Simple readme file to get started

pgaref · pgaref · commit 49348a4ebf38 · 2015-10-30T23:03:35.000Z
diff --git a/README.md b/README.md
@@ -1,3 +1,27 @@
-# HTTP_Request_Randomizer
+# HTTP Request Randomizer in Python
 
-## 
+A convenient way to implement HTTP requests is using Pythons' **requests** library.
+One of requests’ most popular features is simple proxying support.
+HTTP as a protocol has very well-defined semantics for dealing with proxies, and this contributed to the widespread deployment of HTTP proxies
+
+Proxying is very useful when conducting intensive web crawling/scrapping or when you just want to hide your identity (anomization).
+
+In this project I am using public proxies to randomise over a number of IP addresses and a variety of known user agents to generate requests that look to be produced by different applications and operating systems.
+
+
+## Proxies
+
+Proxies are a way to tell server P (the middleman) to contact server A and then route the response back to you. In more nefarious circles, it's a prime way to make your presence unknown and pose as many clients to a website instead of just one client.
+Often times websites will block IPs that make too many requests, and proxies is a way to get around this. But even for simulating an attack, you should know how it's done.
+
+
+## User Agent
+
+Surprisingly, the only thing that tells a server the application triggered the request (like browser type or from a script) is a header called a "user agent" which is included in the HTTP request.
+
+## The source code
+
+The project code in this repository is crawling two different public proxy websites http://proxyfor.eu/geo.php and http://free-proxy-list.net.
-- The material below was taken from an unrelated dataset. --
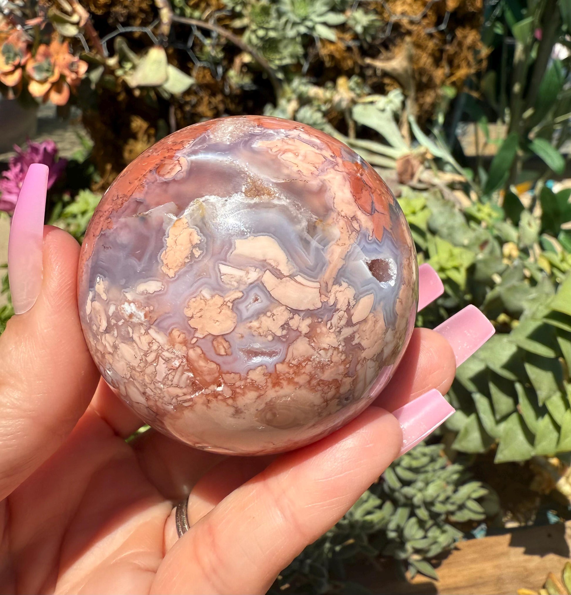 Druzy Cotton Candy Agate Sphere, Pink Agate Crystal Spheres

+After collecting the proxy data and filtering the slowest ones it is randomly selecting one of them to query the target url.
+The request timeout is configured at 30 seconds and if the proxy fails to return a response it is deleted from the application proxy list.
+I have to mention that for each request a different agent header is used. This headers are strong in the /data/user_agents.txt file which contains around 900 different agents.